What caused the sudden great victory of the gospel? What produced the conversion of three thousand in a day? It was the sudden arrival on the field of the divine Commander in the mysterious, invisible, conquering personality of another. It is vain to attribute the initial force of Christianity to the conversion of Saul of Tarsus. You have first to account for his sudden transformation from a bloody persecutor. But he was not converted during the fifty days after the crucifixion. Even if he had been it would be as paradoxical to ascribe the first triumph of Christianity to the accession of a persecutor as it would be to attribute Sheridan's victory, plucked out of defeat, to the presence of the chief of Gen. Early's staff rallying the running Federal soldiers to fight the army he had just deserted in treason to the Confederacy.
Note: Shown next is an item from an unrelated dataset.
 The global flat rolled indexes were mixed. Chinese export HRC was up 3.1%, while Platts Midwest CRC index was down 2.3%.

The Gospel of the Comforter, Chapter 9.

Monday, February 2, 2015

The Spirit Testifies to Christ

"Howbeit when he, the Spirit of truth, is come, he shall guide you into all the truth: for he shall not speak from himself; but what things soever he shall hear, [these] shall he speak: and he shall declare unto you the things that are to come He shall glorify me: for he shall take of mine, and shall declare [it] unto you" — John 16:13, 14 (Revised Version).
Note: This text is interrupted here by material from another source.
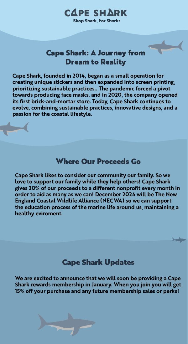 Cape Shark, a small apparel business on the South Shore of Massachusetts, founded by a couple with expertise in business and fashion, offers versatile apparel in a diverse color palette. While personable, the brand needed a stronger online presence.

If the Paraclete had come to testify of Himself and to do an independent work irrespective of Christ, His mission would not have conserved the memory of Christ, but would have eclipsed it. If He had come in the name of the Father to maintain the meager unity of God in the bare and simple sense taught by so called liberal Christianity, the outcome would have been the final oblivion of Jesus Christ following the denial of everything supernatural in His birth and ministry.

But He proceeded from the Father and the Son specially charged with the office of testifying of the Son, yea, of glorifying Him, not only in the gospel record, which He should inspire, and in the doctrines to be unfolded in apostolic sermons and epistles, but by His indwelling presence in the consciousness of believers, revealing Christ in them in a manner wholly indescribable but blessedly real and certain. We do not wonder at the tenacity with which western Christianity has insisted on the "Filioque" (and from the Son) in the creed respecting the procession of the Holy Ghost. This enlargement of the creed not only conserves the dignity of the Son of God and harmonizes with His Trinitarian address in John xiv. -xvi. and with other texts in which the Paraclete is called the "Spirit of Christ" (Rom. viii. 9), the "Spirit of Jesus" (Acts xvi. 7, Revised Version) and "Christ" (Eph. iii. 17), but it is confirmed by the experience of all who testify that the Comforter "has taken up His lasting abode in their hearts." (Alford). These rejoice in a wonderful magnifying of Christ and in an inexpressible increase of love to Him. If troubled before by doubts of His divinity, their doubts are forever dispelled, and "in the Holy Spirit" they gladly and spontaneously say, "Jesus is Lord" (I Cor. xii. 3, Revised Version). They are as sure of his Godhead as was Thomas in the presence of his risen Master when he exclaimed, "My Lord and my God" (John xx. 28).

The Gospel of the Comforter, Chapter 9.